● **What this task involves**
Send back the data below exactly. Drop every picture.

● **Information shown**

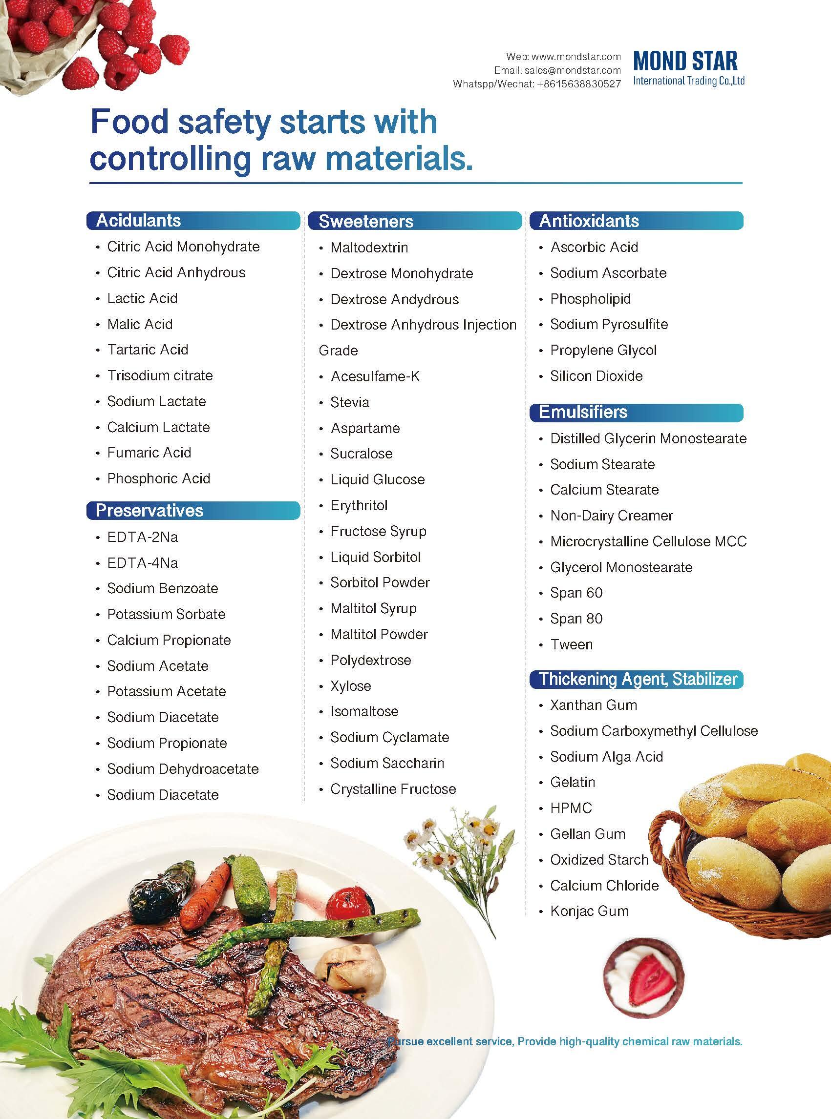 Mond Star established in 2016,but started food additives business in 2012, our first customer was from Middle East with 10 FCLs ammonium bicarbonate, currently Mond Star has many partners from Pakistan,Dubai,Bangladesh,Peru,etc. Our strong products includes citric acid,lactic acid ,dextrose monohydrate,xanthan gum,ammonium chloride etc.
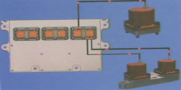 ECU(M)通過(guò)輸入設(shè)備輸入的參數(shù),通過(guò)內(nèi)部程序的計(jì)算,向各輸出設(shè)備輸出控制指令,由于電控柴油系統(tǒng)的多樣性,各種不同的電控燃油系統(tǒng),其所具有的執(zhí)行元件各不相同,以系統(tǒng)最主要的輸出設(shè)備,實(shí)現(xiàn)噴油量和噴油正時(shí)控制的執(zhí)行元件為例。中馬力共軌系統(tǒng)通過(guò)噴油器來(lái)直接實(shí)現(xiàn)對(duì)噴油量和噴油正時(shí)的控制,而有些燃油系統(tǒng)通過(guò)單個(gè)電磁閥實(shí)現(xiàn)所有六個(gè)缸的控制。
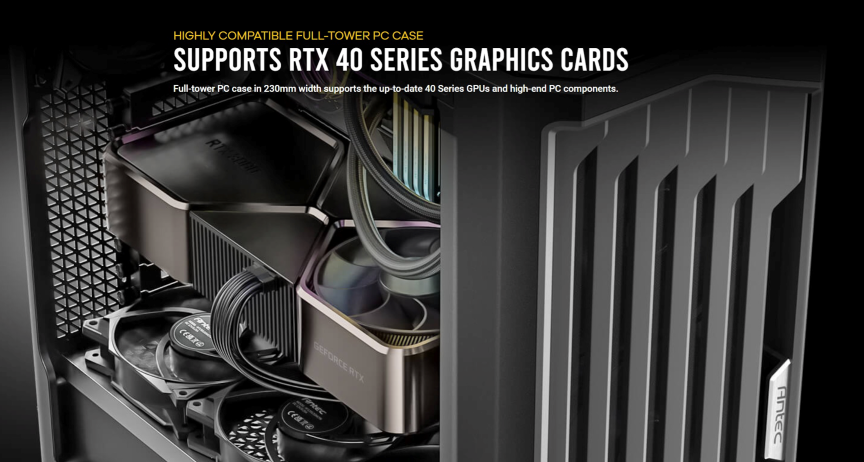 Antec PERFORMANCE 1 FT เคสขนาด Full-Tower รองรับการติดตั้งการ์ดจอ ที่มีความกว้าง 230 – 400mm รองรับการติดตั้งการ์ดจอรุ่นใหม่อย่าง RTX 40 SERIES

● **Exercise solution**
 Mond Star established in 2016,but started food additives business in 2012, our first customer was from Middle East with 10 FCLs ammonium bicarbonate, currently Mond Star has many partners from Pakistan,Dubai,Bangladesh,Peru,etc. Our strong products includes citric acid,lactic acid ,dextrose monohydrate,xanthan gum,ammonium chloride etc.
 ECU(M)通過(guò)輸入設(shè)備輸入的參數(shù),通過(guò)內(nèi)部程序的計(jì)算,向各輸出設(shè)備輸出控制指令,由于電控柴油系統(tǒng)的多樣性,各種不同的電控燃油系統(tǒng),其所具有的執(zhí)行元件各不相同,以系統(tǒng)最主要的輸出設(shè)備,實(shí)現(xiàn)噴油量和噴油正時(shí)控制的執(zhí)行元件為例。中馬力共軌系統(tǒng)通過(guò)噴油器來(lái)直接實(shí)現(xiàn)對(duì)噴油量和噴油正時(shí)的控制,而有些燃油系統(tǒng)通過(guò)單個(gè)電磁閥實(shí)現(xiàn)所有六個(gè)缸的控制。
 Antec PERFORMANCE 1 FT เคสขนาด Full-Tower รองรับการติดตั้งการ์ดจอ ที่มีความกว้าง 230 – 400mm รองรับการติดตั้งการ์ดจอรุ่นใหม่อย่าง RTX 40 SERIES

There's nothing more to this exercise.